Kortom, de directe conversie is een snelle en eenvoudige methode om geïnduceerde neuronale voorlopercellen te genereren uit huidfibblasten van patiënten. Deze methode is voordelig vanwege de snelheid en het grote aantal gegenereerde cellen die gemakkelijk te onderhouden zijn. Bovendien suggereert toenemend bewijs dat directe herprogrammeringsmethoden minder epigenetische tekens verwijderen in vergelijking met klassieke iPSC-herprogrammeringstechnologie, waardoor het ziektemilieu intacter blijft4,7,8. De differentiatie van iNPC ‘s ten nadep aan astrocyten is zeer eenvoudig en zeer reproduceerbaar , zelfs tussen meerdere onafhankelijke laboratoria19,29,33. iNPC’s kunnen in kleine porties worden ingevroren en direct worden ontdooid voor differentiatiedoeleinden, wat helpt de variatie tussen experimenten te verminderen, omdat passagenummers vergelijkbaar kunnen worden gehouden. Astrocyten spelen een cruciale rol in de progressie van ziekten bij veel neurologische ziekten en zijn daarom een interessant celtype om mee te werken. De astrocyten kunnen worden gebruikt voor mechanistische studies, metabolische studies of drug testen assays en worden meestal gekweekt als monolagen. Bovendien kunnen astrocyten worden gecombineerd in co-kweeksystemen met muis- of menselijke neuronen om de impact van astrocyten op neuronale overleving en morfologie te beoordelen, die beide goede uitlezingen zijn voor het testen van geneesmiddelen34.

Om dit protocol met succes te kunnen gebruiken, moeten een paar punten en mogelijke beperkingen in gedachten worden gehouden. De menselijke huidfibroblasten variëren bijvoorbeeld sterk in hun celdelingssnelheid en reactie op virale vectoren. Omdat dit geen gestandaardiseerde cellijnen zijn, zijn ze net zo variabel als de mensheid zelf, elke lijn is anders. Zoals voor veel herprogrammeringsmethoden, is het gemakkelijker om fibroblasten te herprogrammeren die een matige tot snelle celdelingssnelheid hebben ten opzichte van cellen die nauwelijks repliceren. De replicatiesnelheid kan worden beïnvloed door de kwaliteit van de huidbiopsie en de verwerking zelf, door het passagenummer van de fibroblasten en de behandeling. Bij het werken met primaire huidfibroblasten is het belangrijk om de cellen niet te dicht te laten worden om inductie van senescentie te voorkomen. Als de fibroblasten niet goed groeien, is het het beste om een nieuw bestand of een lagere passage te proberen, hoewel in sommige gevallen de ziekte zelf ook een rol kan spelen. Celdeling kan soms worden verbeterd door 15% of 20% FBS in de fibroblastmedia te gebruiken in vergelijking met de standaard 10%.
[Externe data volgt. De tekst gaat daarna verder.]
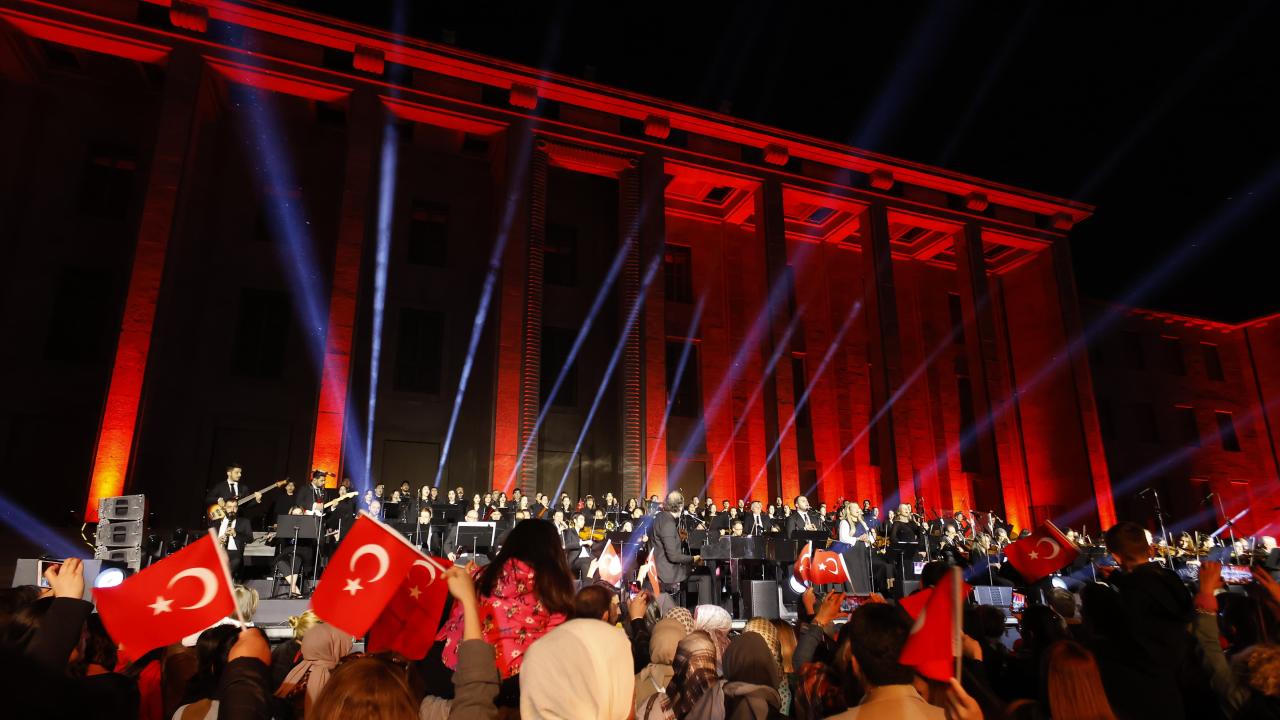 Meclis Şeref Kapısı önünde düzenlenen, AK Parti İstanbul Milletvekili ve besteci Yücel Arzen Hacıoğulları ile 150 kişiden oluşan Türkiye Yüzyılı Orkestra ve Korosunun konseri, İstiklal Şairi Mehmet Akif Ersoy`un Çanakkale Şehitlerine şiiriyle başladı.

De kwaliteit van de herprogrammering van virale vectoren is van groot belang voor succes. In onze handen waren retrovirale vectoren efficiënter in vergelijking met lentivirale vectoren of andere niet-integrerende virussen; dit kan echter afhankelijk zijn van de virale vectorkwaliteit en zuiverheid. Commerciële retrovirale vectorkits specificeren meestal de virale vectorconcentratie en vaak ook een veelheid aan infecties voor een bepaalde cellijn. Het is belangrijk om in gedachten te houden dat primaire fibroblasten verschillen van de cellijn die door de bedrijven wordt gebruikt om de virale vectoropname te bepalen. Bovendien is, zelfs bij het bestellen van dezelfde commerciële kit, variatie tussen batches gebruikelijk. Bovendien varieert de opname van virale vectoren ook tussen fibroblastcellijnen. Sommige lijnen kunnen gevoeliger zijn en daarom kunnen getransduceerde cellen afsterven, terwijl andere cellijnen mogelijk beter bestand zijn tegen virale opname. Het bepalen van de transductie-efficiëntie voor een bepaalde cellijn kan dus belangrijk zijn, vooral als de cellijn langzaam groeit of eerdere conversiepogingen zijn mislukt. In onze handen is de beste manier om te evalueren hoeveel van een specifieke retrovirale vector nodig is voor conversie, het uitvoeren van een immunofluorescente kleuring met verschillende verdunningen van de virale vector. Het aantal cellen dat het transgene voor elke vector uitdrukt, kan vervolgens worden geteld, met als doel een transductie-efficiëntie van 70% of hoger. Onze ervaring is dat vergelijkbare MOIs voor de meeste cellijnen kunnen worden gebruikt, maar de MOI kan indien nodig worden aangepast.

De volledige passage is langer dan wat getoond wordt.